Data in this exercise:
_____

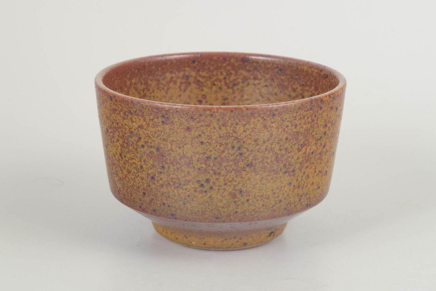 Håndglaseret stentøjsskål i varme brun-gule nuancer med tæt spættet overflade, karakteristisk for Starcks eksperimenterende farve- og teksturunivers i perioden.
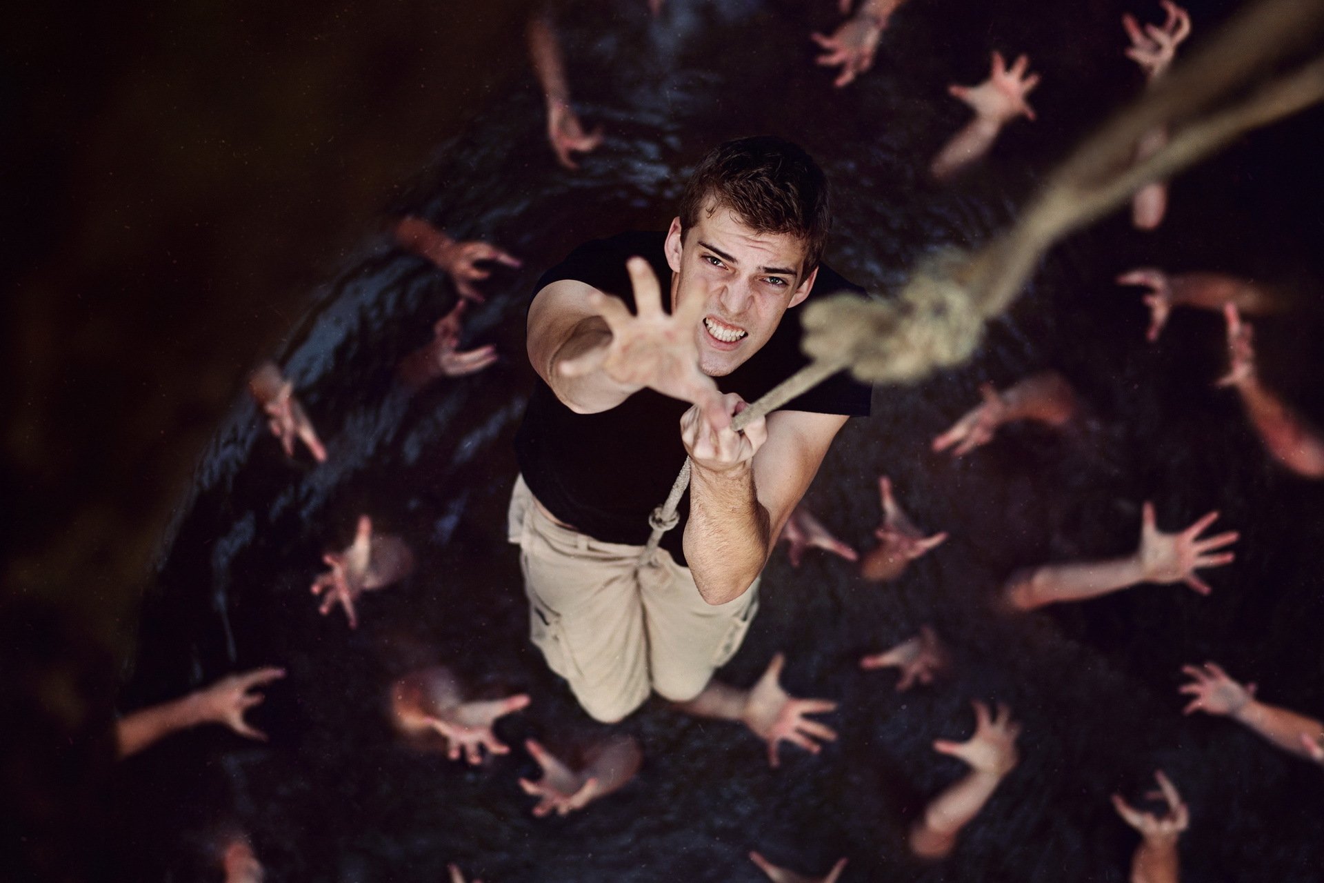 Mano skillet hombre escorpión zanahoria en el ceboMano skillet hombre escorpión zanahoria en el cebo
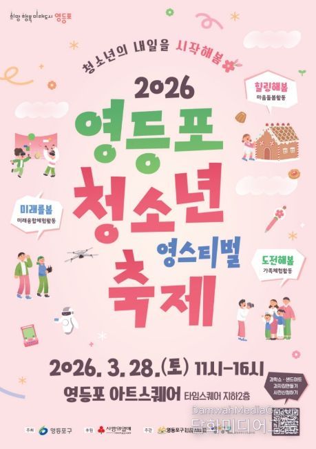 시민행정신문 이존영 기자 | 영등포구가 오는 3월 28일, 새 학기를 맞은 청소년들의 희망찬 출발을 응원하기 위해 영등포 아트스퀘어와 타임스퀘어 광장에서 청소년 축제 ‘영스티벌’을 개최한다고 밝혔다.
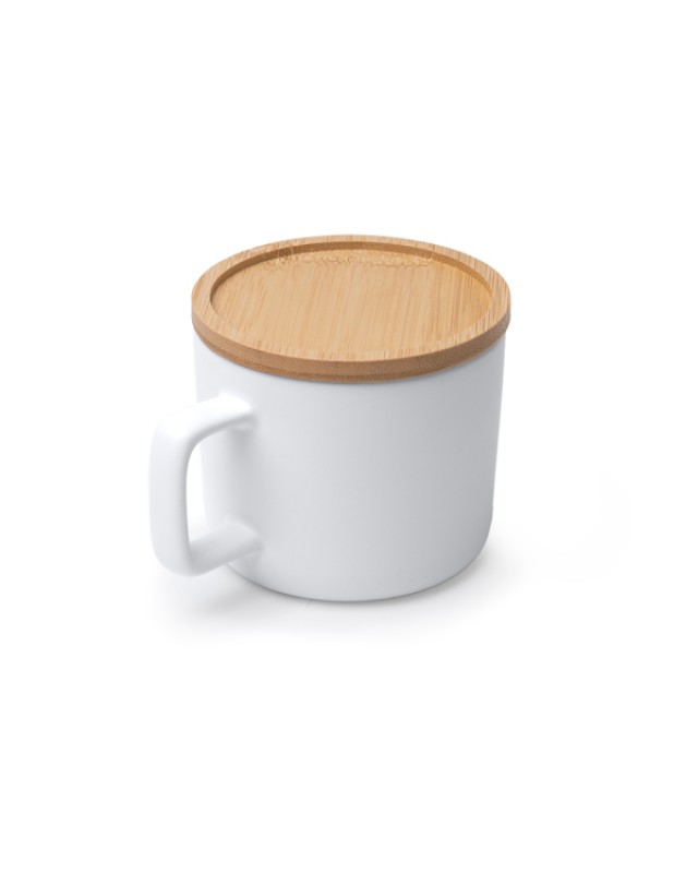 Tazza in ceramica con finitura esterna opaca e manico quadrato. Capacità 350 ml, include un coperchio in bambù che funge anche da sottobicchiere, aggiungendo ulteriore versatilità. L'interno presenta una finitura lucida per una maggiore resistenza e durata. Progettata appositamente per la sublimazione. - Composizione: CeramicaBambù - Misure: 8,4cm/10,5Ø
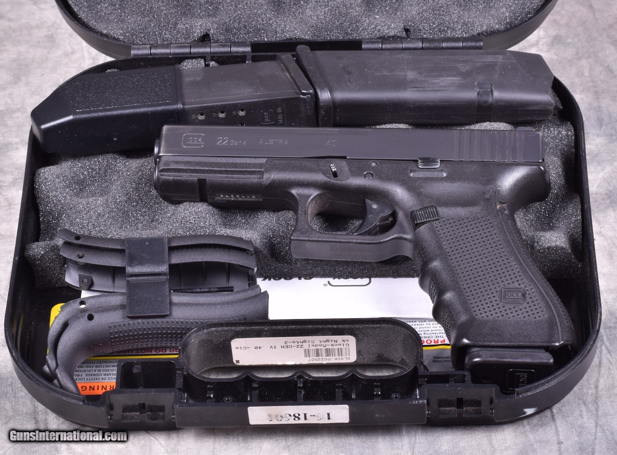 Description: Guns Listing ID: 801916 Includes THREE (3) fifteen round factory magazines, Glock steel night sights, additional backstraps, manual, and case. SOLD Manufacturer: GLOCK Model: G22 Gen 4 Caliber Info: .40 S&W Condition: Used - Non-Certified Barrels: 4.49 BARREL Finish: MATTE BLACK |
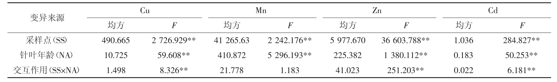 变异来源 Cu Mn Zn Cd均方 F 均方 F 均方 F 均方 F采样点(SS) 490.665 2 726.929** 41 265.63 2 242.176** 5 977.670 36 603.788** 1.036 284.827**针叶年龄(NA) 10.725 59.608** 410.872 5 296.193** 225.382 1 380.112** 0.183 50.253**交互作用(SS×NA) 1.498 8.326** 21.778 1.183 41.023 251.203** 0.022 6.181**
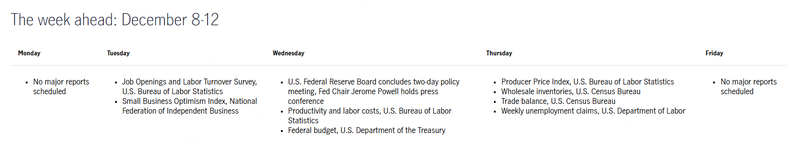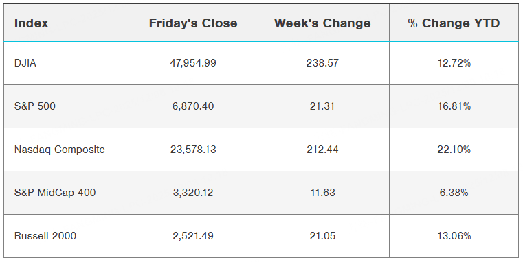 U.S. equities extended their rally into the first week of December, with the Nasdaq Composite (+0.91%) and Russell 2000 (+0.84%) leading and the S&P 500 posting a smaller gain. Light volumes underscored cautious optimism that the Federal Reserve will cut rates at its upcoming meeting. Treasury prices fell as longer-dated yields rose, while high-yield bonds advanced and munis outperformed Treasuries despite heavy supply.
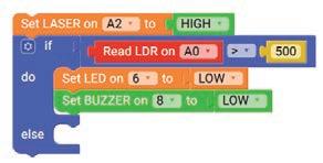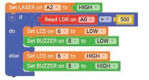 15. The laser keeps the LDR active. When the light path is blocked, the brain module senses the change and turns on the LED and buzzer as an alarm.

_____

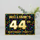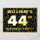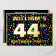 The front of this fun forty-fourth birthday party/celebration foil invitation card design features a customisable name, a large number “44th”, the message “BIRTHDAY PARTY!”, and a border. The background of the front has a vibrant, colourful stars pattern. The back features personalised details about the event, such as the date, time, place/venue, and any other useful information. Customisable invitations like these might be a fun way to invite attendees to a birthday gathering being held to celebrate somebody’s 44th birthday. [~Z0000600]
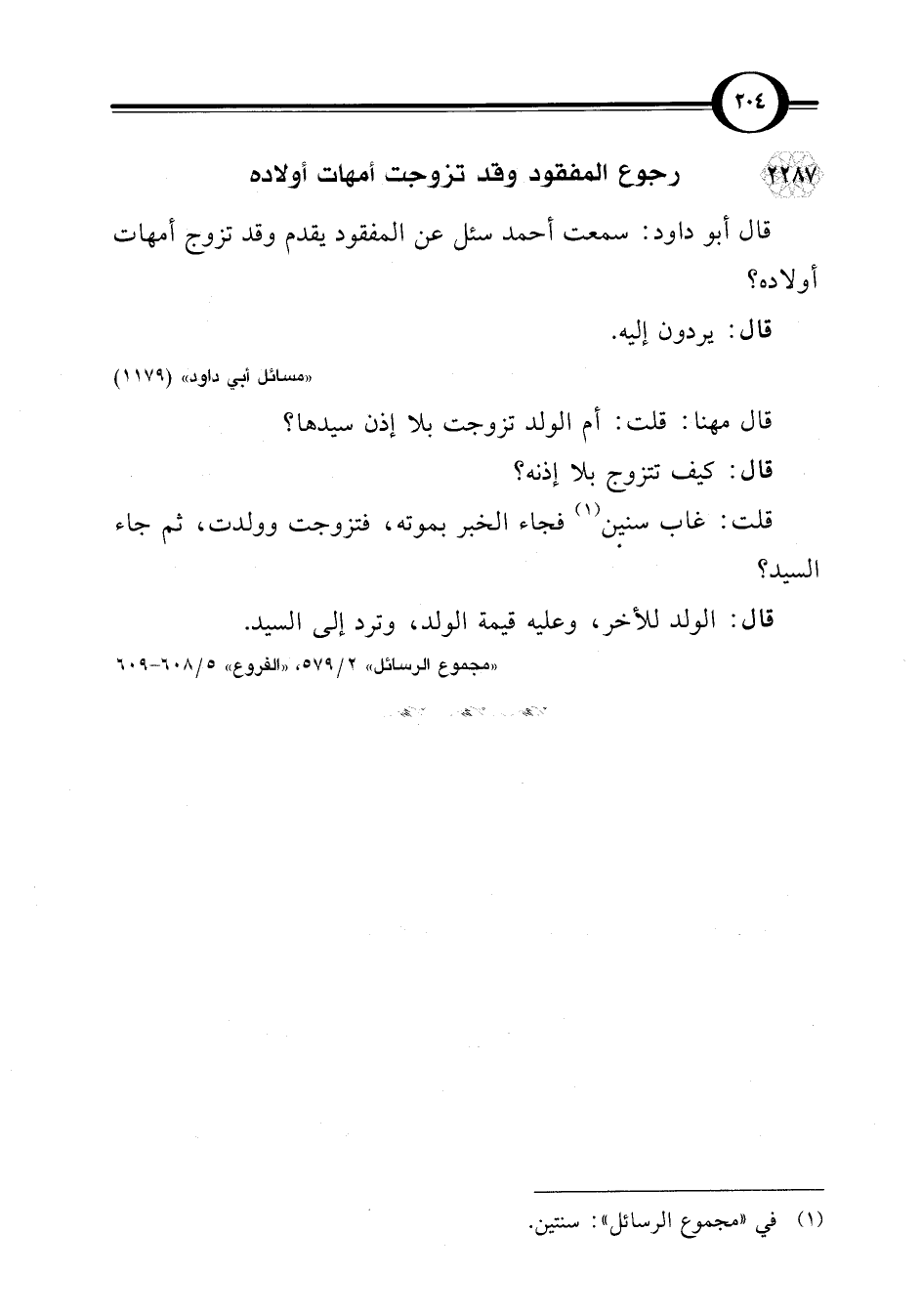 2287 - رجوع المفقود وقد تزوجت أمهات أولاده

_____

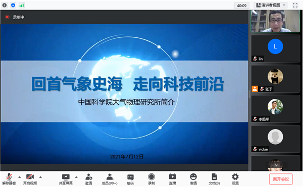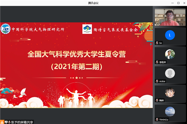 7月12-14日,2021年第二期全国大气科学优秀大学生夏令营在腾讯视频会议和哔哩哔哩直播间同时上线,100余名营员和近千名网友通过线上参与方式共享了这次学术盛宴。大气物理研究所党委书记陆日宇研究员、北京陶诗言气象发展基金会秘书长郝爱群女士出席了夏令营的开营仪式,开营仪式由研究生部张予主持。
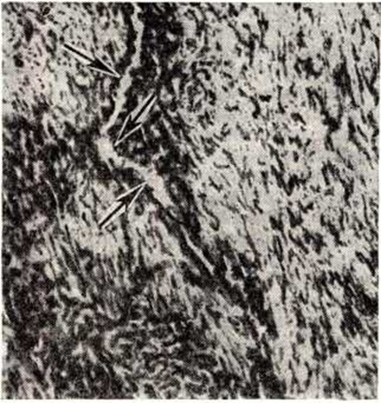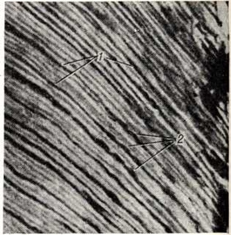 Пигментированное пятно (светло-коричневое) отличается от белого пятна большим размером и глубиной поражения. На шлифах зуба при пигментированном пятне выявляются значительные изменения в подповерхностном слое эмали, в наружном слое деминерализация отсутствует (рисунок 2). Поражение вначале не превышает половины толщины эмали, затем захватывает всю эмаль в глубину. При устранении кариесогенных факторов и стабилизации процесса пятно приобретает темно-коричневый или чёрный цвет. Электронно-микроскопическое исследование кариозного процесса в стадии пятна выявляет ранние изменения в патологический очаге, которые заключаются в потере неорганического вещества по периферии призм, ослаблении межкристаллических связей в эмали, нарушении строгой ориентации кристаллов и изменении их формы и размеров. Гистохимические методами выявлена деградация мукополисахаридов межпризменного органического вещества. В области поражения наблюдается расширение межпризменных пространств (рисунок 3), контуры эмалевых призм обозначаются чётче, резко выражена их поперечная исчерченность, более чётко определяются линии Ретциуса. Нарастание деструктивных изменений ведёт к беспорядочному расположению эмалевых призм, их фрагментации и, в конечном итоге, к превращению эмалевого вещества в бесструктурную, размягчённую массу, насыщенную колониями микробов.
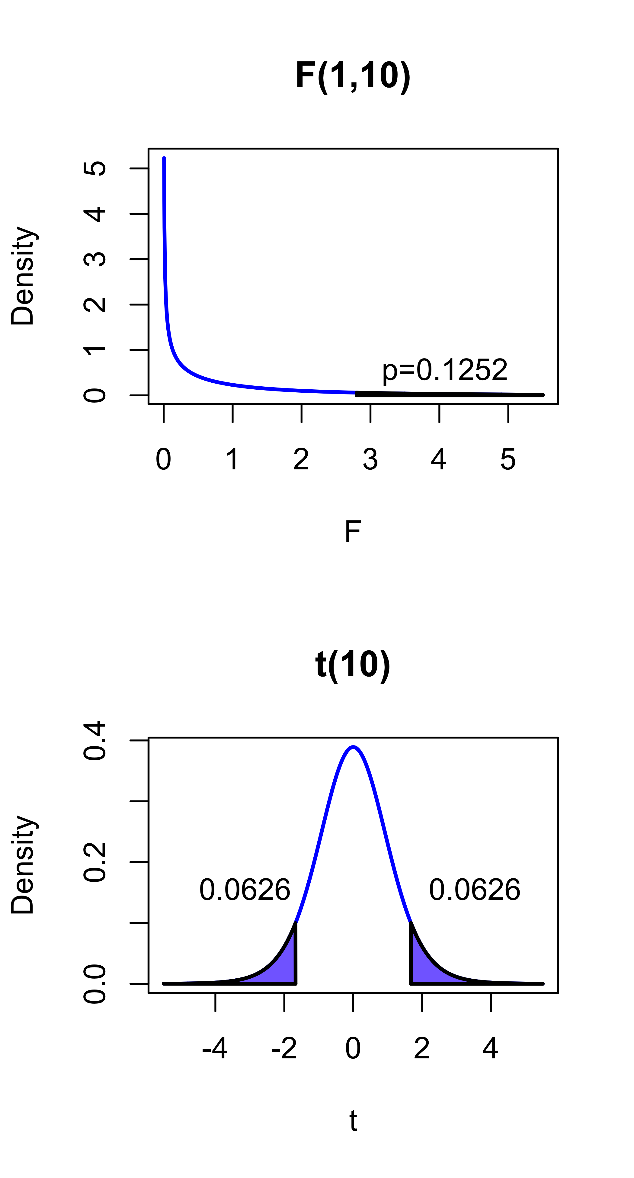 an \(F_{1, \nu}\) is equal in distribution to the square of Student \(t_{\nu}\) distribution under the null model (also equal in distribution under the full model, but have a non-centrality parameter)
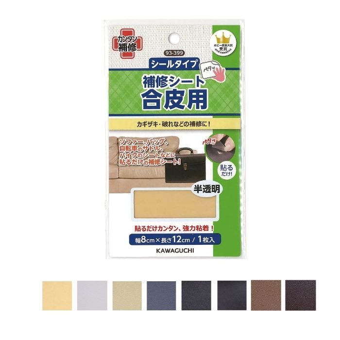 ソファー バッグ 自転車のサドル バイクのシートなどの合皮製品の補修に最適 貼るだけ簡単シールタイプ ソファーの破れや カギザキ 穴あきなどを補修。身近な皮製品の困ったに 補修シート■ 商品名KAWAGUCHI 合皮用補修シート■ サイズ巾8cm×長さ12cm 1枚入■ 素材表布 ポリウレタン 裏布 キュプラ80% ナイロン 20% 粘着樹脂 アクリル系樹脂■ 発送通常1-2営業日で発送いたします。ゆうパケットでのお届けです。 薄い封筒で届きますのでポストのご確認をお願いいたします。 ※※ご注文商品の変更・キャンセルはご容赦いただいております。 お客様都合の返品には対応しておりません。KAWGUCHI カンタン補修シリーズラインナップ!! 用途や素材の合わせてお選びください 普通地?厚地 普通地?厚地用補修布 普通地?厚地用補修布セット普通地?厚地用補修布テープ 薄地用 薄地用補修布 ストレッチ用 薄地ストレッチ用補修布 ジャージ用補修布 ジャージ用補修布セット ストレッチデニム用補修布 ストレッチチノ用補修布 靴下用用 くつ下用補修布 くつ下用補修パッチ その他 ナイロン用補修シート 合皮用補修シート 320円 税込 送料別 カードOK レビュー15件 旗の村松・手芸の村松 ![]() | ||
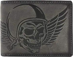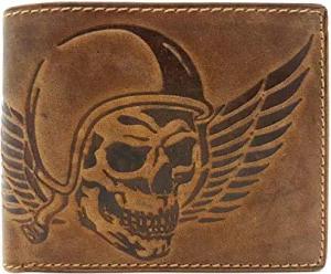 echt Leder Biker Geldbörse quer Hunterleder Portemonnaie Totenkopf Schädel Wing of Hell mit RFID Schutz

_____

What to do: An exact copy is needed. It runs from the line above containing "Håndglaseret stentøjsskål i" down to the line containing "变异来源 Cu Mn Zn", both included, with no pictures.

Solution to the exercise:
 Håndglaseret stentøjsskål i varme brun-gule nuancer med tæt spættet overflade, karakteristisk for Starcks eksperimenterende farve- og teksturunivers i perioden.
 Mano skillet hombre escorpión zanahoria en el ceboMano skillet hombre escorpión zanahoria en el cebo
 시민행정신문 이존영 기자 | 영등포구가 오는 3월 28일, 새 학기를 맞은 청소년들의 희망찬 출발을 응원하기 위해 영등포 아트스퀘어와 타임스퀘어 광장에서 청소년 축제 ‘영스티벌’을 개최한다고 밝혔다.
 Tazza in ceramica con finitura esterna opaca e manico quadrato. Capacità 350 ml, include un coperchio in bambù che funge anche da sottobicchiere, aggiungendo ulteriore versatilità. L'interno presenta una finitura lucida per una maggiore resistenza e durata. Progettata appositamente per la sublimazione. - Composizione: CeramicaBambù - Misure: 8,4cm/10,5Ø
 Description: Guns Listing ID: 801916 Includes THREE (3) fifteen round factory magazines, Glock steel night sights, additional backstraps, manual, and case. SOLD Manufacturer: GLOCK Model: G22 Gen 4 Caliber Info: .40 S&W Condition: Used - Non-Certified Barrels: 4.49 BARREL Finish: MATTE BLACK |
 变异来源 Cu Mn Zn Cd均方 F 均方 F 均方 F 均方 F采样点(SS) 490.665 2 726.929** 41 265.63 2 242.176** 5 977.670 36 603.788** 1.036 284.827**针叶年龄(NA) 10.725 59.608** 410.872 5 296.193** 225.382 1 380.112** 0.183 50.253**交互作用(SS×NA) 1.498 8.326** 21.778 1.183 41.023 251.203** 0.022 6.181**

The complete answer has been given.